Notice how they set up tests to be lighter on the GPU than normal, for the single dGPU testing, to showcase what differences there may be, as well, yet still end up with pretty minor improvements from major speed increases, or timings getting tighter. Until you're overclocking enough to want faster RAM, using multiple GPUs, or doing something that the CPU can't predict well enough (say, a large physics sim), the differences tend to be negligible. When they can't do that well enough, RAM sped and timings make a difference.įor most people, with most builds, even programs that get measured benefits tend to get <5% either way, often with greater variations than CL9 to CL11. The programmable CAS latency is listed as per the title. Cases where you might care are also cases where you'd be better off spending on faster RAM, as well.ĬPUs are very good at predicting their futures, and putting what they need in their caches. RAM TIMING Programmable CAS Latency: 11, 10, 9, 8, 7, 6 Build Help. Trust me when I say the only thing you should really worry about for RAM is capacity, and then it's literally just get as much as you need. I haven't built my first rig yet but I'm planning on it soon and have been researching literally for years. I know that it seems super complicated and I know I was super confused as to whether it mattered or not when I first started researching. And from the first reply you cna see it doesn't impact it all that much.ĭon't worry too much about it. For all intents and purposes, I wouldn't worry too much about the other timings the first value gives you a pretty good sense of performance. The values don't have to be the same, and the last one is usually a sum of different values, both reported and not reported. When companies advertise their timing they usually refer to just the first value. DDR4-2666) but the CAS latencies are different (i.e.

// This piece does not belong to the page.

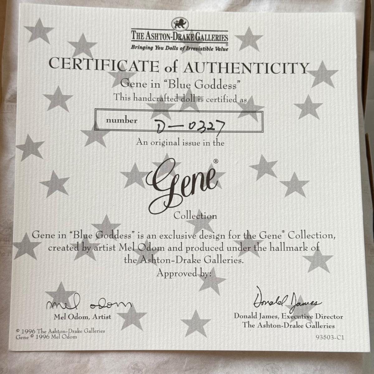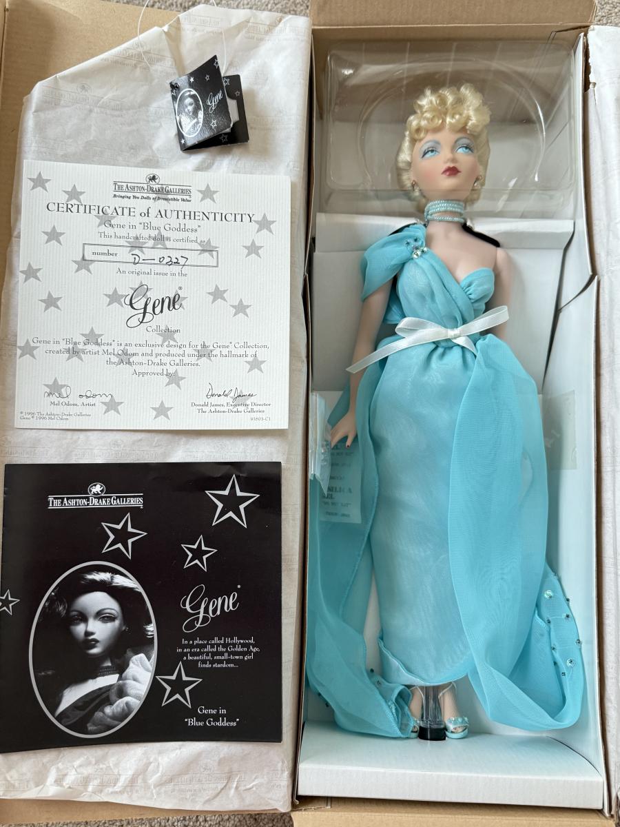LOT 64L: Ashton-Drake Galleries Mel Odom Gene "Blue Goddess" Doll w/ COA & Box (D-0327)

#CAS LATENCY 10 VS 11 HOW TO#
Those are different timings that are related to nuances in RAM module state changes, so they relate to how it responds to different things. Find out more about CAS latency, RAM speed, and how to measure memory.
#CAS LATENCY 10 VS 11 UPGRADE#
Buildzoid did a video about this just recently:Įarly DDR5 likely won't be any upgrade at all over a highly-tuned kit of DDR4. The XMP timings of many really fast DDR4 kits are awful and will provide lower real world performance than a slower, but highly tuned kit (but of course a faster kit that's also tuned will be even better). There's no point pumping a ton of extra bandwidth if it means your timings go to crap. Some games care a lot more about system memory than others though, and you'll see by far the biggest benefit when you're CPU-bound. You can easily see from testing of current DDR4 that both higher speeds and tightened timings help gaming performance.